Ash Arder
Whoop House

Heat Waves 2023 brings together artists and audiences to activate and perform on and with Whoop House, a solar-powered sculpture and sound amplification hub developed by Detroit-based artist, DJ, and organizer Ash Arder.

Installed at different sites across Amant’s campus, the mobile sculpture is designed to power a range of technical equipment, from cellphones to speakers, keyboards, turntables, and microphones. Whoop House also records and playbacks instruments and voices, creating a lasting soundscape of the summer.

Whoop House is part of Ear to the Ground, an ongoing series that brings together events, performances, and talks in parallel to Sung Tieu’s exhibition Infra-Specter between March and September 2023.

Heat Waves is our annual summer series dedicated to acoustic practices, inviting artists and musicians of different contexts to guide sonic experiences throughout Amant’s indoor and outdoor spaces. It is an occasion to gather, move, listen, and make sound.

Image by Ash Arder.

About Ash Arder
Ash Arder (b. 1988, Flint, MI) is a transdisciplinary artist, organizer, and educator who has spent the last decade transforming DIY, hacker, and experimental approaches to problem solving into formalized programs, projects, and collaborations. Her work and research use storytelling and speculative collaboration as frameworks to explore climate and social justice themes. Manipulating physical and virtual environments, her work uses mark making, mechanical portraiture, performance, and sound design as tools for complicating dynamics of power between humans, machines, and the lands they occupy.

Since graduating from the Cranbrook Academy of Art in 2018, Ash has received various awards and artist residencies including the Knight Arts Challenge (2021), University Musical Society residency (2022), Bemis Center for Contemporary Art residency (2021), Recess residency (2019), and A Studio In The Woods residency (2018). Her upcoming solo exhibition at the Cranbrook Art Museum explores the relationship between human workers and large machinery through a lens of intimacy, tenderness, and connection.

Whoop House was developed in collaboration with New York-based architectural designer and artist Kapish Kishu Singh as a method of using art, design, and creativity to explain solar technology while empowering people to have more control over their use of, and access to, electricity.

Before coming to Amant, Whoop House was installed in empty lots throughout Detroit, as part of Solar Juke (September 2022), a garden party and sound performance series that framed the sculpture as a musical instrument to explore and uplift environmental themes within the music and culture of the African diaspora.

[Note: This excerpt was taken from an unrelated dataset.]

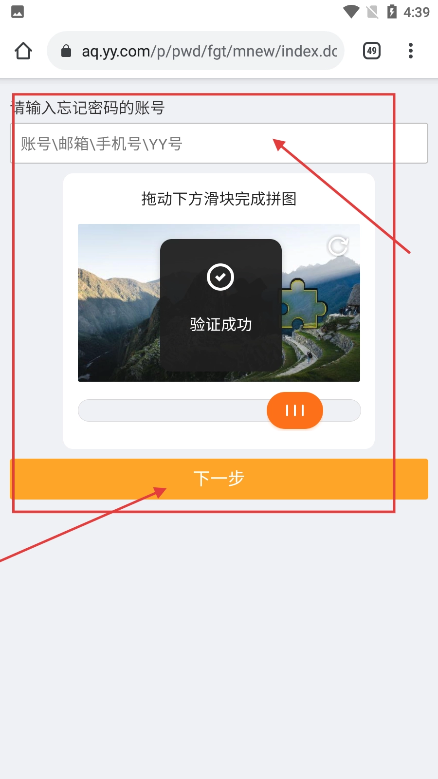3、进入密码找回页面后,先输入账号,完成拼图验证,然后点击【下一步】按钮,即可继续进行密码找回的后续操作。
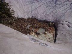 早く登らねば日が暮れるので再び登り始めました。 かなり急な坂で(正規のルートでなかったから仕方ないか?)少々辛かったですがなんとか急な箇所が終わりかけたころ・・・なんだ?これは? 鹿か熊か??? |

Ear to the Ground recalls a practice of paying attention to sounds and vibrations that travel through the land, allowing the listener to predict the arrival of animals, trains, other humans, or the presence of flows in the underground as well as even more intangible phenomena.

In this series of public programs, we look into spectral practices: forms of acquiring knowledge beyond the reach of eye that require building trust and depend on intuition. Might invisible sensations, ghostly feelings, or dreamlike perception allow us to anticipate and imagine possible futures? Might they help us in turning away from destructive, divisive acts of conspiracy to forms of conjecture that are creative and deeply informed by their earthly context?